Overall best: Cursor (Cursor)
Cursor’s AI-native IDE keeps piling on agentic features: Background Agents that run long tasks asynchronously, BugBot for inline code review, one-click multi-repo MCP setup, and memories for persistent project context. Because it’s a full editor (not just an extension), Cursor can orchestrate file edits, terminal commands, and git ops in the same workspace - making it the most capable end-to-end coding agent today.
Also great: Claude Code (Anthropic)
Claude Code lives entirely in your terminal. It maps your repo, autocompresses context, and runs commands for you—so you focus on goals, not files. Recent releases added local filesystem access, MCP support, automatic diffs, and a GitHub Actions integration that lets you tag @claude on PRs for autonomous fixes.
All the rest
GitHub Copilot (GitHub/Microsoft): now ships an Agent mode that can take an issue, create a branch, implement the fix, and submit a PR—plus mobile support and Pro+ tier for model choice.
Google Jules (Google): asynchronous coding agent that clones your repo in a Cloud VM, crafts a plan, shows diffs, and submits a PR—powered by Gemini 2.5 Pro.
Junie (JetBrains): built into every JetBrains IDE, Junie navigates project structure, runs code/tests, and edits files autonomously; free tier now bundled with IDE licenses.
Replit Agent (Replit): type a natural-language spec and watch it scaffold, build, and deploy full apps in the browser—or from iOS/Android. Ideal for rapid prototyping.
Windsurf (Windsurf): AI-first IDE with “Flows” that blend copilot suggestions and fully autonomous agents; praised for speed and a generous free tier (and it’s reportedly being acquired by OpenAI, though it’s not publicly confirmed just yet).
What launched since our article:
AgentKit (Google)
Bugbot (Cursor)
Claude Code on the web (Anthropic)
Codestral 25.08 (Mistral)
CodeMender (Google)
Cursor 2.0 (Cursor)
Cursor Agent CLI (Cursor)
Devstral Small 1.1 & Devstral Medium (Mistral)
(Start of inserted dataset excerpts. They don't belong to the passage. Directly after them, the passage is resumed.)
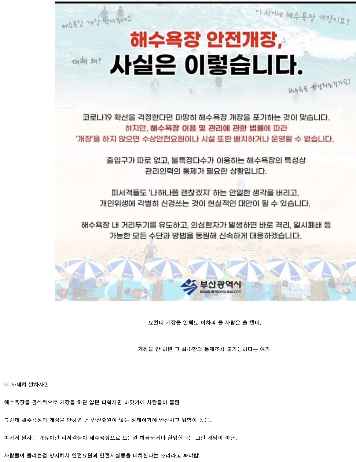 해수욕장 전면 폐장하면 지역경제 타격이 무시못하죠. 정부에서 고민이 많을거에요 |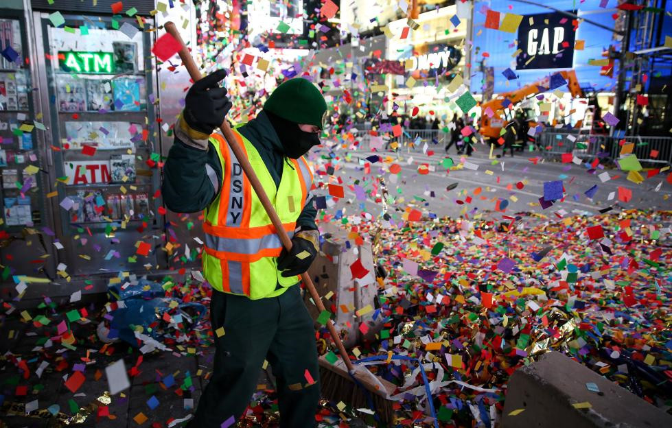 纽约百万人跨年留大量垃圾 工人艰难清理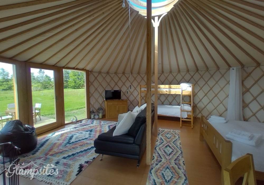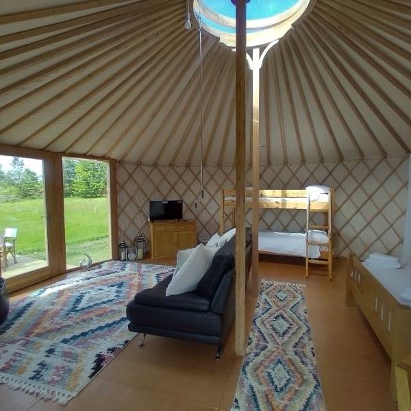 We have two of these top of the range Luxury European yurts, There is a choice of either 6m or 7m diameter. These gorgeous yurts have 7ft high walls, a 9 ft wide glass bay window and a glass centre dome where you can enjoy the views of the fantastic dark nights sky.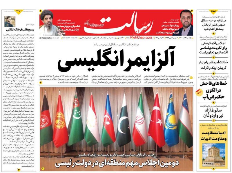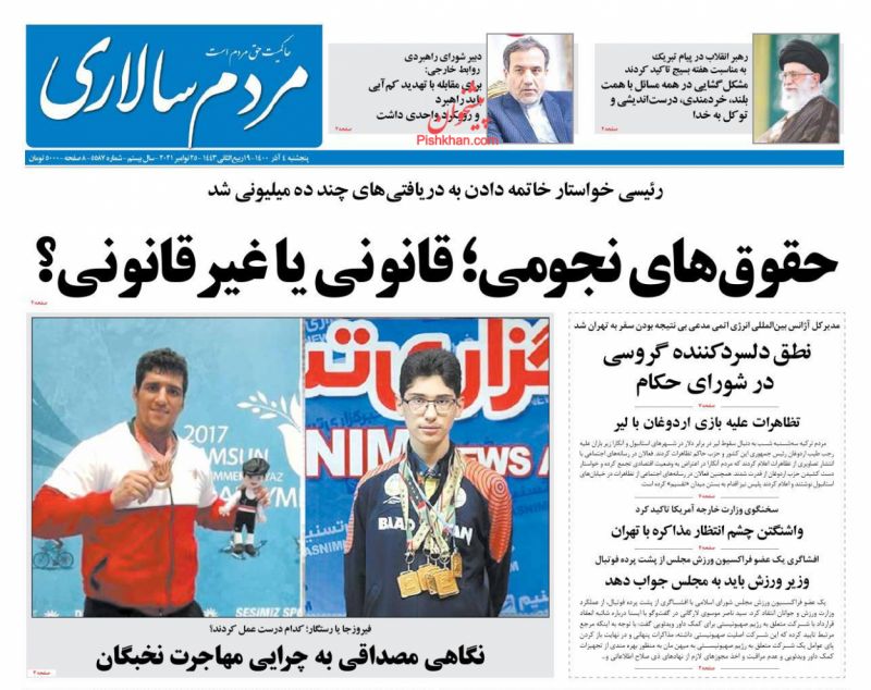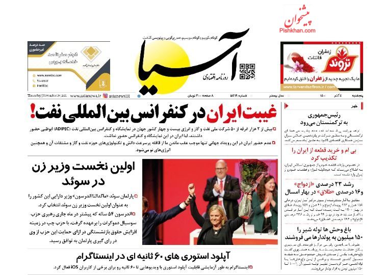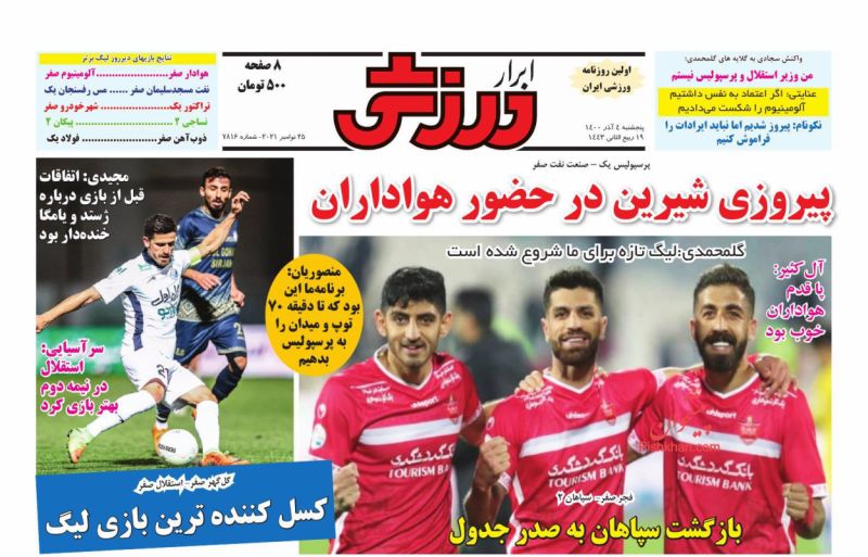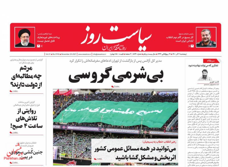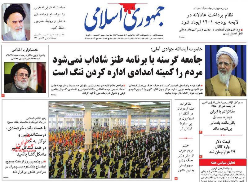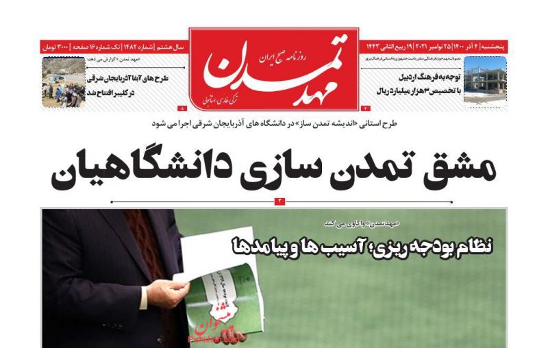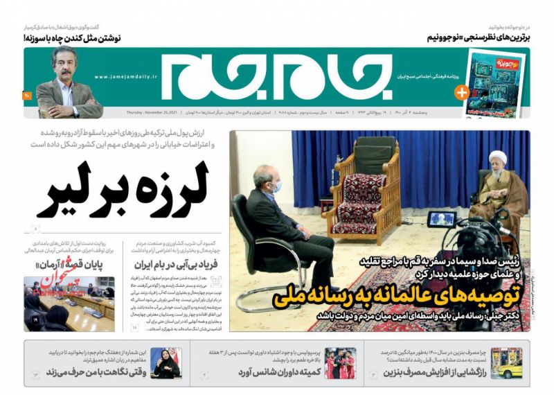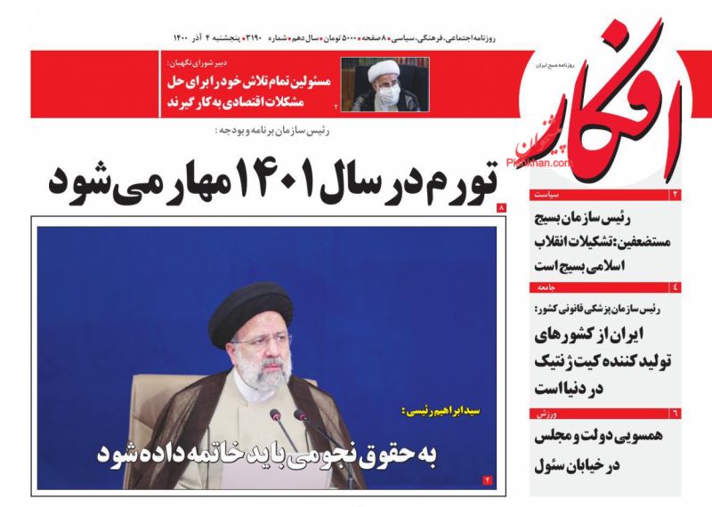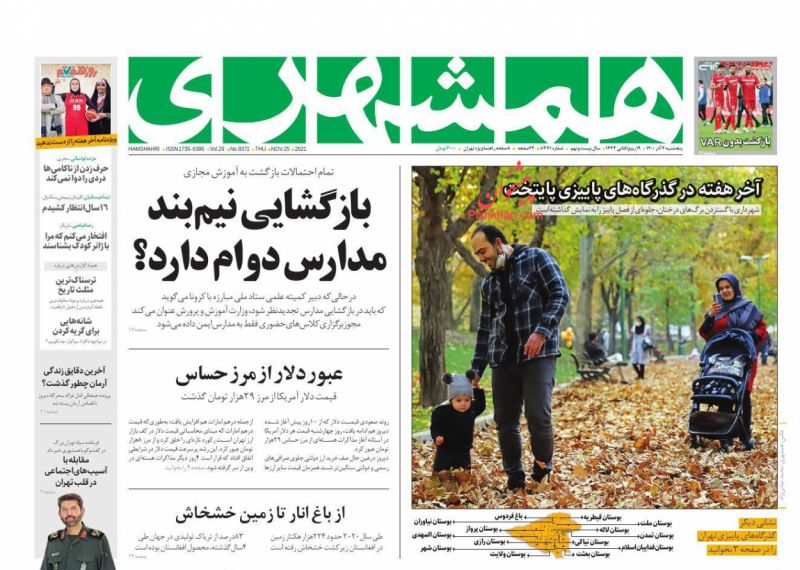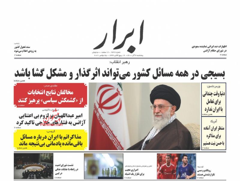 صفحه اول روزنامههای پنجشنبه ۴ آذر ۱۴۰۰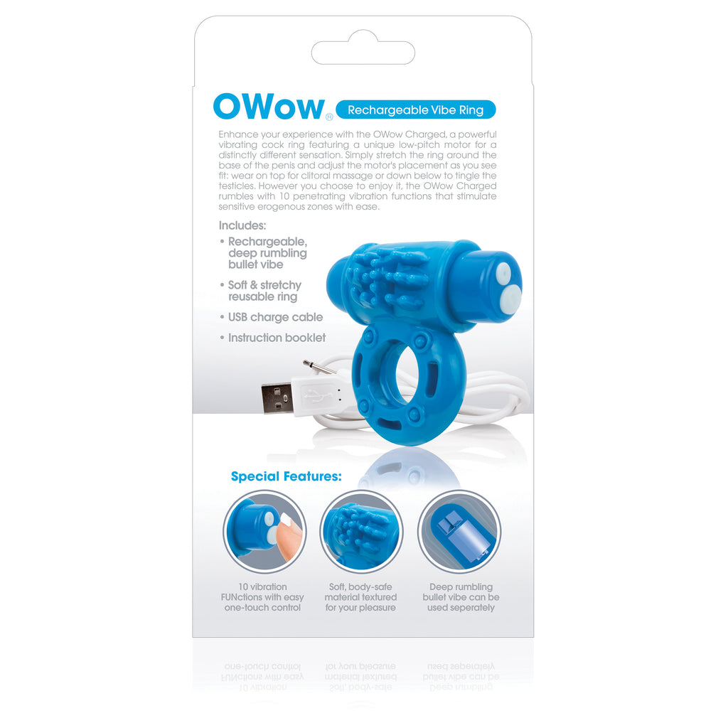 The Charged OWow is the ultimate rechargeable vibrating cock ring, featuring a brand new low-pitch motor for a distinctly different sensation that both partners can feel deep inside. This powerful sex toy for couples boasts 10 penetrating vibration and pulsation functions that rumble, rather than buzz, and provide an undeniably more satisfying experience. Powered by the famous Vooom bullet, the Charged OWow stretches wide to fit most sizes thanks to the rings soft 100% body-safe SEBS material and fits snug, but not too tight, for an enhanced experience. To enjoy, simply stretch the ring around the base of the penis or penis and testicles (his choice!) and adjust the motor as you like it: wear it on top for rumbling clitoral massage or wear it underneath the penis and testicles for pleasant pressure with added vibration. However you choose to enjoy it, the Charged OWow is easily powered up with a USB charge cable (included) for a 60+ minute vibration time and is completely waterproof so you can take your new favorite couples toy into the bath or shower! And with a 2-year limited warranty, you can enjoy Charged OWow with confidence and get the most our of your pleasure experience. Rechargeable 10-function vibrating cock ring Powered by deep, rumbling Vooom technology Lab-tested, body-safe SEBS and ABS 100% waterproof Soft and stretchy ring fits most sizes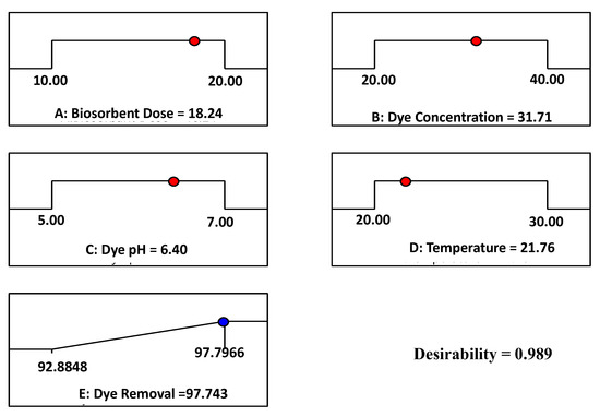The best-predicted possibility for the highest response was estimated using the desirability function [53]. For the optimization procedure, the desirability function was used. The desirability function values varied from 0 (undesirable) to 1 (desirable). The numerical optimization method finds the points that maximize the desired function. The best-predicted values for the maximum removal percentage of MB and the desirability function are shown in the optimization plot in Figure 6. The optimal projected condition for the optimal removal percentage of MB using the desirability function was a biosorbent dose of 18.2 gm, a dye pH of 6.4, a dye concentration of 31.7 mg/L, a temperature of 21.7 °C, and a dye removal of 97.74%.

Genspark AI Developer (Genspark)
GPT-5 Codex (OpenA)
Grok Code Fast 1 (xAI)
Kiro (Amazon)
Lindy Build (Lindy)
Opal (Google)
v0.app (Vercel)
🌐 5. Browser agents
Autonomous browser-controlling agents are the new hotness - clicking, typing, and scrolling for you when no API exists. Benchmarks such as WebArena and WebVoyager are the scoreboards, but real-world usability still varies a lot.
Overall best: Operator (OpenAI)
OpenAI’s research-preview agent “Operator” uses a Computer Use Agent (CUA) model to see screenshots, reason step-by-step, and act on the web. Tight ChatGPT integration, saved workflows, and multi-task tabs make it the easiest place to start. And although it leads the pack on benchmarks currently, its performance still leaves much to be desired.
Runner up: Manus
Manus prioritizes speed and long-form autonomy: you hand it a complex job (“compare 10 insurance policies, compile a deck”) and watch it zip through multiple tabs in real time. Early users praise its fast ReAct loops and credit-based pricing, though access is still gated.
All the rest
Browser Use (Browser Use): open-source library + cloud service that achieves 89 % on WebVoyager and powers many DIY agents.
Computer Use (Microsoft): built-in Copilot Studio and aimed at letting low-code builders embed UI automations across browsers, this is a great enterprise option.
Dia (The Browser Company): successor to Arc - a standalone “AI browser” now in closed alpha that interprets the whole window and executes natural-language commands such as “fill cart and checkout.”
Opera Browser Operator (Opera): a native agent in the Opera browser that runs scripted tasks while keeping you logged in.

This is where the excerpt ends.